My girlfriend is a christian and she also reads erotica and looks at drawn porn to get off to. In her mind, God doesn't give a crap what you jack off to as long as it's not harming anyone. And she and I are in a monogamous and equal, healthy relationship, almost for one year now!(we've known each other for 4 years this year), and she has no problem with any porn-related things really within typical moral standards(like, as long as it's not taking over your life and ruining your relationships or work or anything like that)

I understand the moral dilemna and the anxiety. It's hard to shake the fire and brimstone threats.


----------



## Deleted member 115426 (Apr 13, 2018)

I don't think anyone here has read the Bible. I have and that's the reason I left the faith. The only acceptable form of sexual interaction is between a married man and a married woman. No masturbation. No looking at dirty things. If you look at a woman with lust then you have already commited adultery in your heart. Basically a thought crime. I can find all these verses quite easily and you can too. I would prefer that those who are giving advice here would learn about the religion first before giving advice. You can choose to be a devout Christian and give up porn, be a piss poor Christian and watch it and probably feel bad about it, or leave the faith and just live your life as a good person and do what you want.


----------



## Skychickens (Apr 13, 2018)

Ovi the Dragon said:


> I don't think anyone here has read the Bible. I have and that's the reason I left the faith. The only acceptable form of sexual interaction is between a married man and a married woman. No masturbation. No looking at dirty things. If you look at a woman with lust then you have already commited adultery in your heart. Basically a thought crime. I can find all these verses quite easily and you can too. I would prefer that those who are giving advice here would learn about the religion first before giving advice. You can choose to be a devout Christian and give up porn, be a piss poor Christian and watch it and probably feel bad about it, or leave the faith and just live your life as a good person and do what you want.

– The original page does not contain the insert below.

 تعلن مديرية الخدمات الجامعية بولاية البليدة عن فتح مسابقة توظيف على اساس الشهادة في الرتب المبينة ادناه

Pretty absolute statement there. I have. In fact. Read the bible cover to cover multiple times. And I’ve done extensive research on the time periods in which they should have been written. 

Not one of them are written by the people they talk about, it’s always recounting by someone else. There’s mountains of bias in them and contradictions which I’m sure you’ve noticed. Any basic researcher knows that a recounting from someone else is not always as reliable as going to the source. 

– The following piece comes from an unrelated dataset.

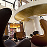 La luminosité tient un rôle important, elle révèle les matériaux. L’éclairage par Leds restitue les sensations d’une lumière naturelle, qui évolue du matin au soir, et au fil des saisons. D’impressionnants luminaires à l’esprit sixties, et de design contemporain des artistes Mathias et Matteo Messervy, illuminent le centre. L’axe central est découvert et devient un « lounge cathédrale ». Des espaces de repos sont meublés par les designers des sixties. Chacun expose une stèle muséographique, avec des miniatures du mobilier et les raconte. Le plafond blanc du centre a été déposé. De nouveaux moules en forme de cabochons incurvés, identiques aux originaux, dorés de feuille de cuivre, ont été remontés comme neufs. Ils rappellent les mailles du couturier emblématique de ces années, Paco Rabanne.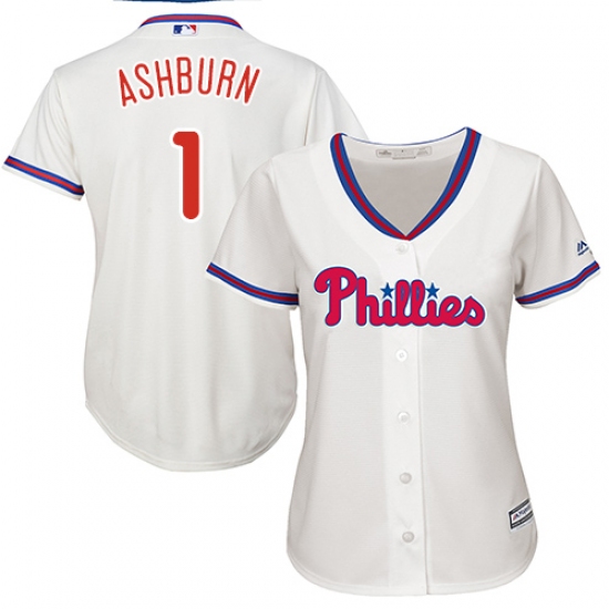 Home>MLB>Philadelphia Phillies>Richie Ashburn>Women's Majestic Philadelphia Phillies #1 Richie Ashburn Authentic Cream Alternate Cool Base MLB Jersey

That, and memory is falliable. People can forget, or change things based on outside opinions. 

Not to mention the recent pope had been putting opinions and statements to rest since he became Pope Francis. Sometimes one book is not the only source you need to consider. 

I have nothing against the religion, and nothing against what people choose to believe. I personally think similarly to you, but for different reasons. I’ve done my research. Be careful, or we’re gonna slide off topic here and get a thread closed when someone was asking an honest question and receiving honest opinions.


----------



## Deleted member 115426 (Apr 13, 2018)

Skychickens said:


> Pretty absolute statement there. I have. In fact. Read the bible cover to cover multiple times. And I’ve done extensive research on the time periods in which they should have been written.
> 
> Not one of them are written by the people they talk about, it’s always recounting by someone else. There’s mountains of bias in them and contradictions which I’m sure you’ve noticed. Any basic researcher knows that a recounting from someone else is not always as reliable as going to the source.
> 
> ...


I think we should try to steer this guy away from this religion and just live his life. Clawing for every reason to hold on will not make him happy. However. If he decides to just live his life how he wants, there's no reason to worry about it. The Bible clearly states that what he wants to do is wrong and has been sinning for a long time. Better to drop it and be happy than be sad just to hold onto those beliefs. I did answer the question. If he wants to be Christian, he's gotta drop the porn. If he doesn't then he is a sinner. And you can't pull a fast one over a supposedly all knowing God and try to find a loophole around it.


----------



## BahgDaddy (Apr 13, 2018)

Zhalo said:


> Wait a minute...isn't "spilling your seed" a sin in Christianity, I don't quite understand the point of porn in the first place if you cant "use" the porn.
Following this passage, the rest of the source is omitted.